Any reason why cStringIO in 2.5 behaves different from 2.4?

Stefan Scholl stesch at no-spoon.de
Thu Jul 26 13:45:07 EDT 2007


Stefan Behnel <stefan.behnel-n05pAM at web.de> wrote:
> Stefan Scholl wrote:
>> Stefan Behnel <stefan.behnel-n05pAM at web.de> wrote:
>>> Stefan Scholl wrote:
>>>> Stefan Behnel <stefan.behnel-n05pAM at web.de> wrote:
>>>>> Stefan Scholl wrote:
>>>>>> Well, http://docs.python.org/lib/module-xml.sax.html is missing
>>>>>> the fact, that I can't use Unicode with parseString().
>>>>>>
>>>>>> This parseString() uses cStringIO.
>>>>> Well, Python unicode is not a valid *byte* encoding for XML.
>>>>>
>>>>> lxml.etree can parse unicode, if you really want, but otherwise, you should
>>>>> maybe stick to well-formed XML.
>>>> The XML is well-formed. Works perfect in Python 2.4 with Python
>>>> unicode and Python sax parser.
>>> The XML is *not* well-formed if you pass Python unicode instead of a byte
>>> encoded string. Read the XML spec.
>>>
>>> It would be well-formed if you added the proper XML declaration, but that is
>>> system specific (UCS-4 or UTF-16, BE or LE). So don't even try.
>> 
>> Who cares? I'm not calling any external tools.
> 
> XML cares. If you want to work with something that is not XML, do not expect
> XML tools to help you do it. XML tools work with XML, and there is a spec that
> says what XML is. Your string is not XML.

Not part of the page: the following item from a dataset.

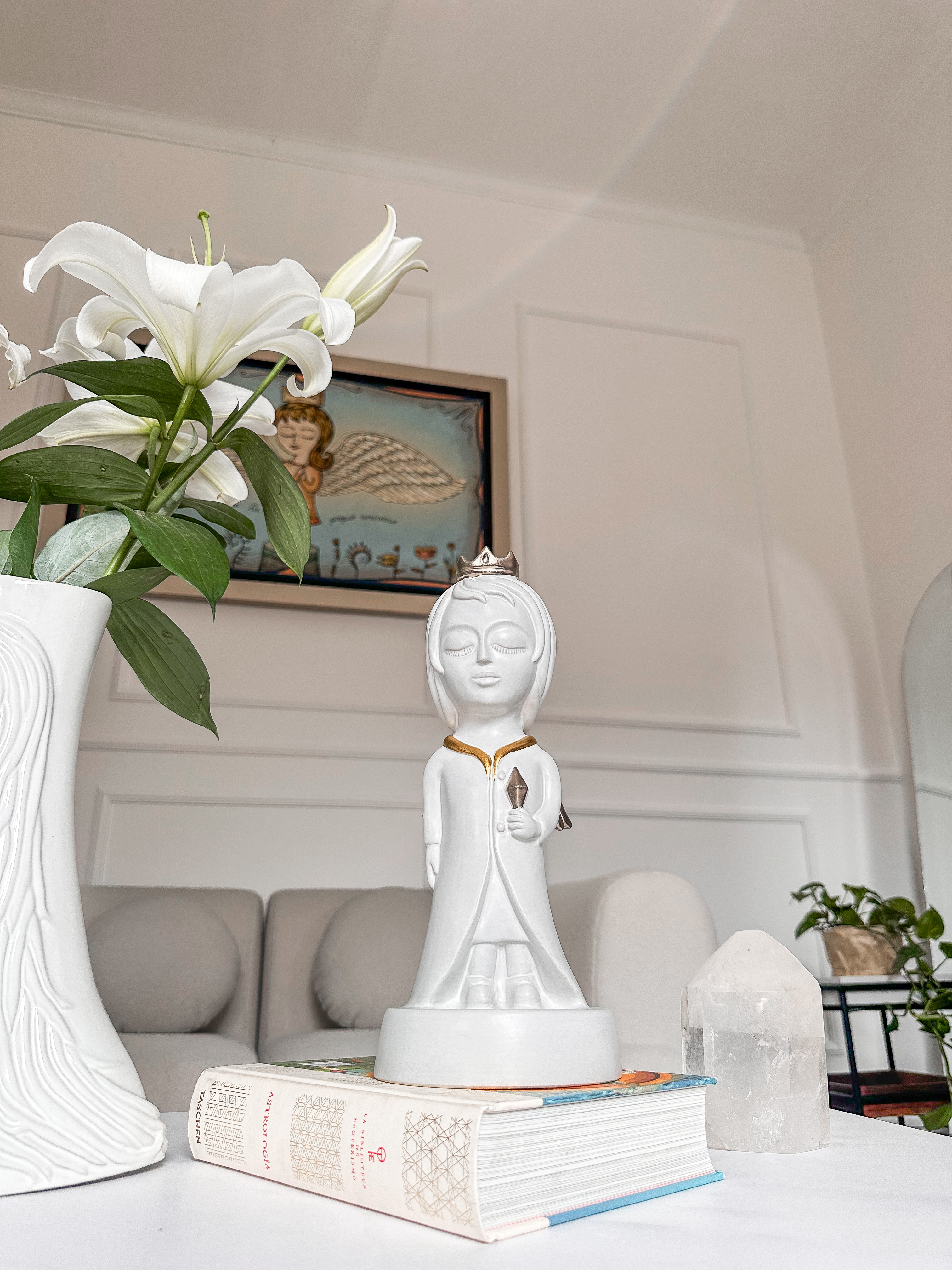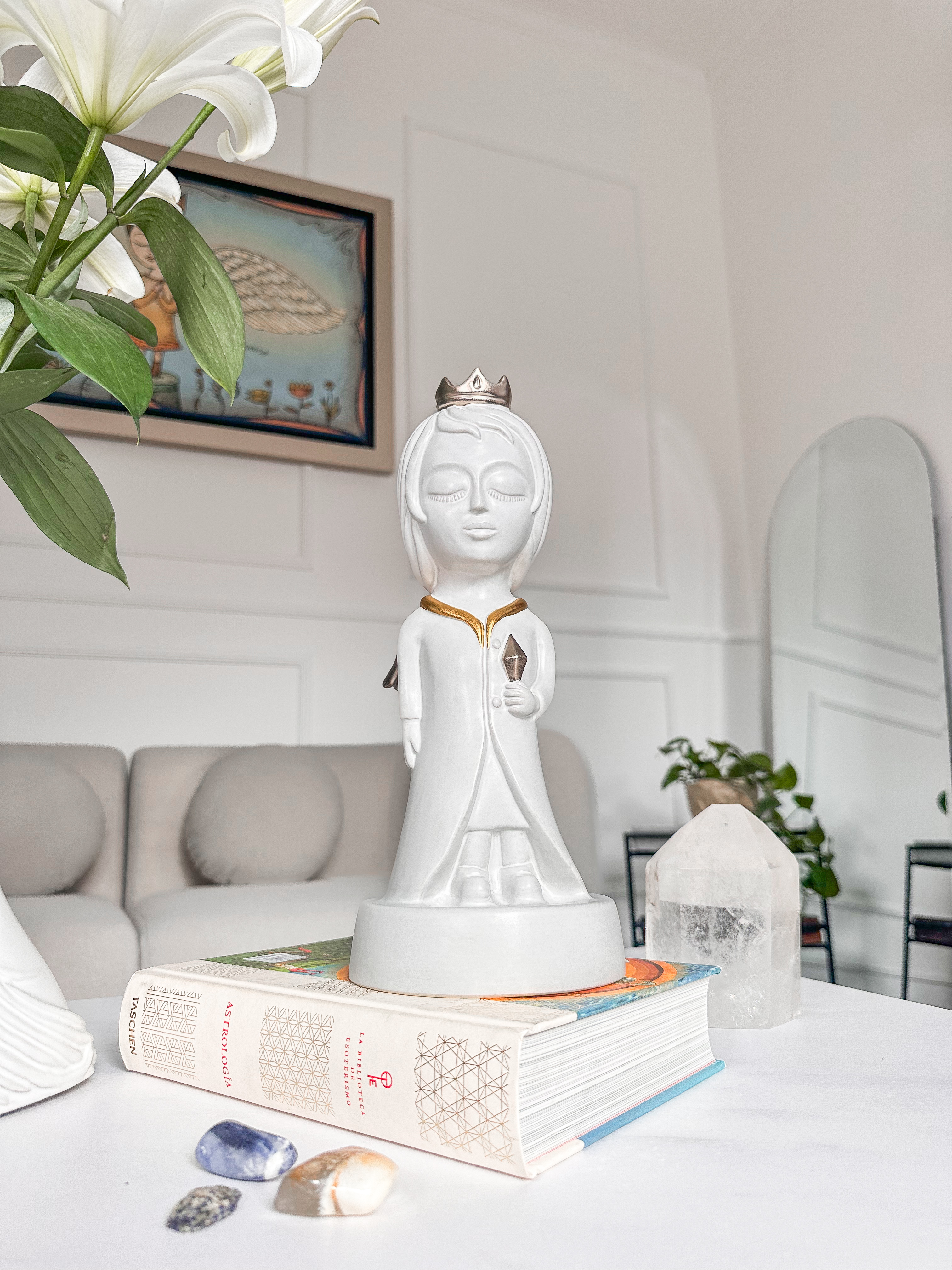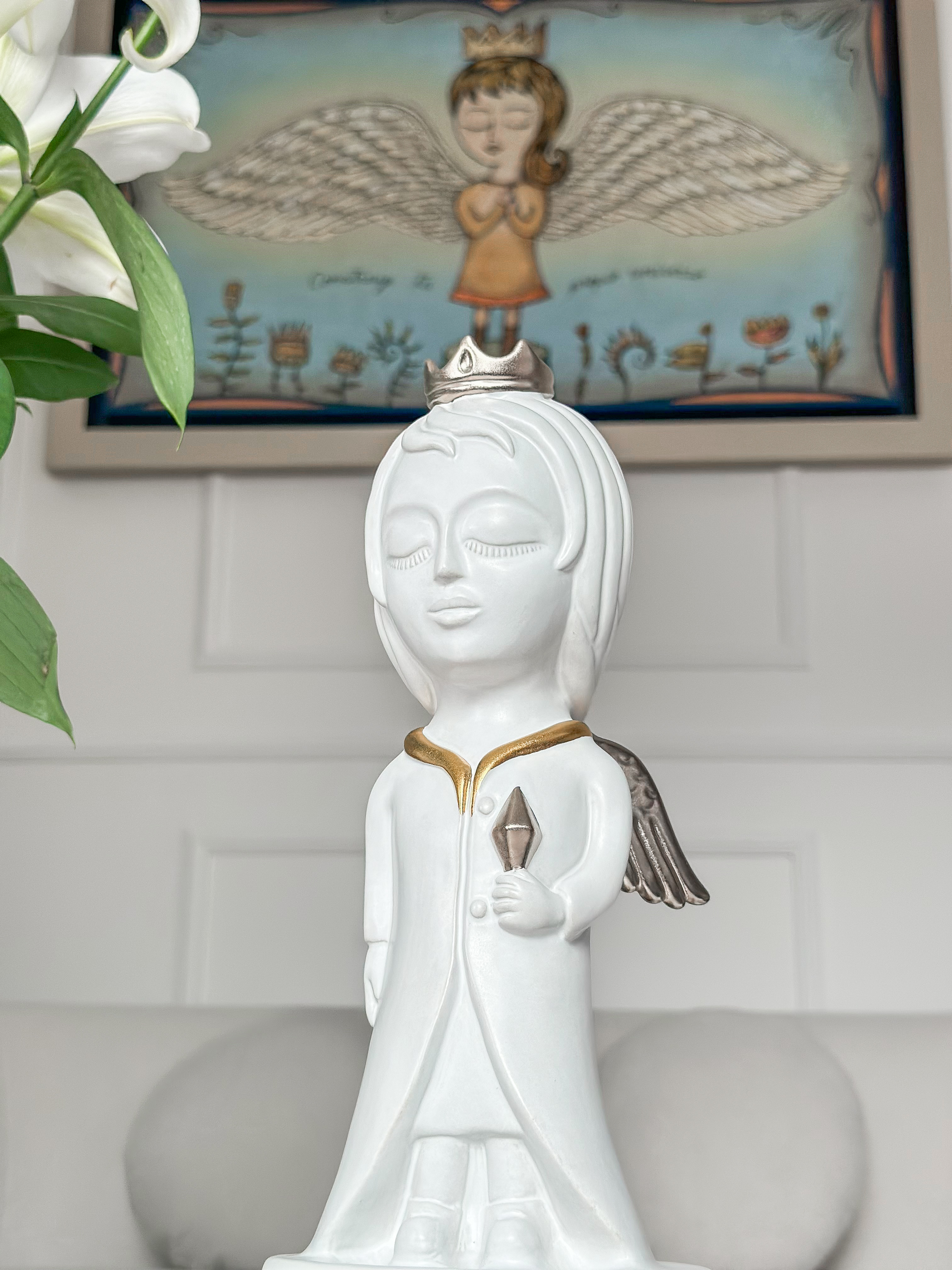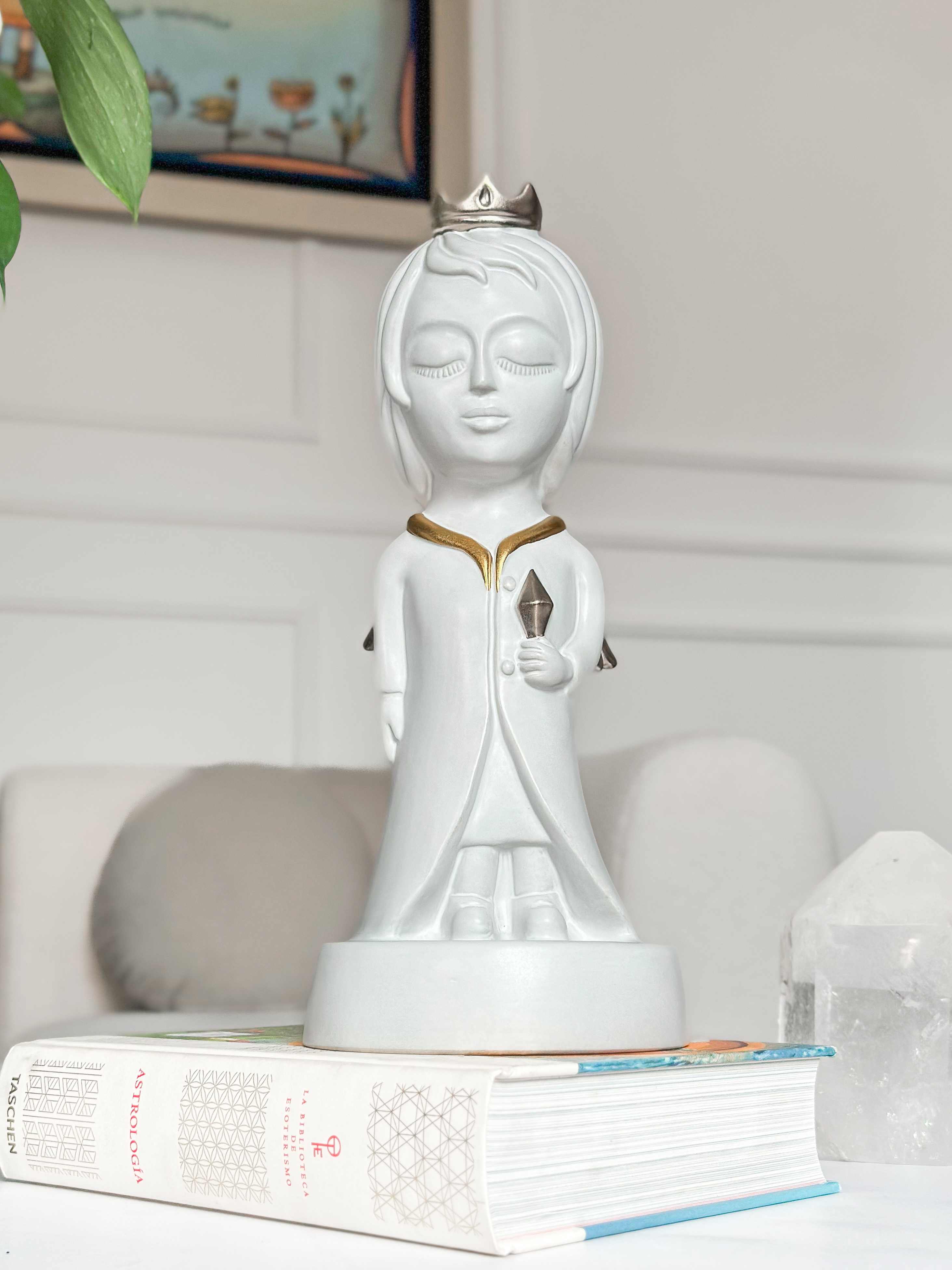 Icónico personaje que habita las historias y universo de Fito Espinosa. Escultura elaborada en arcilla natural con un baño en blanco mate, aplicaciones en oro y plata, y horneada a altas temperaturas.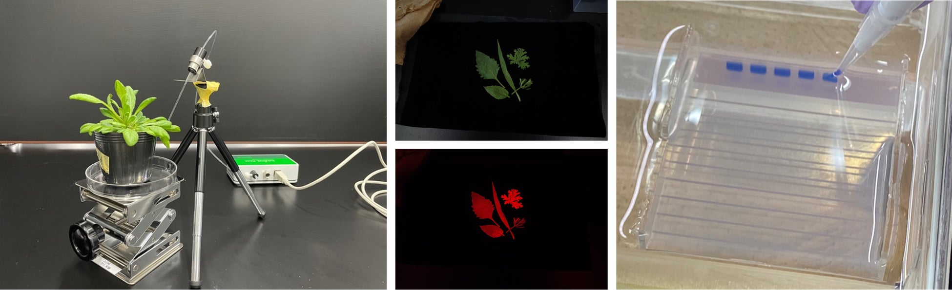 植物の葉は光合成を行っています。光合成に光が必要であることはよく知られていますが、強すぎる光はかえって植物を傷つけてしまいます。本プログラムでは、①「クロロフィル抽出とクロロフィル蛍光の確認」、②「クロロフィル蛍光測定器を使った光合成活性測定」、③「DNAの制限酵素処理と電気泳動」の3つの実験により、光を吸収する色素(クロロフィル)が発する蛍光を実際に目で見て、測定し、そして光合成がどのように行われているのかを受講生が体感します。除草剤による光合成の阻害、除草剤耐性植物のDNA解析についても実験を通して観察し、教科書の学びとは違った科学の面白さについて、身をもって経験できる機会となります。

This isn't some sophisticated XML tool that tells me the string
is wrong. It's a changed behavior of cStringIO that throws an
exception. While I'm just using the method parseString() of
xml.sax.

We both repeat ourselves. I don't think this thread brings
something new.


I'm all for correct XML and hate XML bozos. But there are limits
you have to learn after a few years.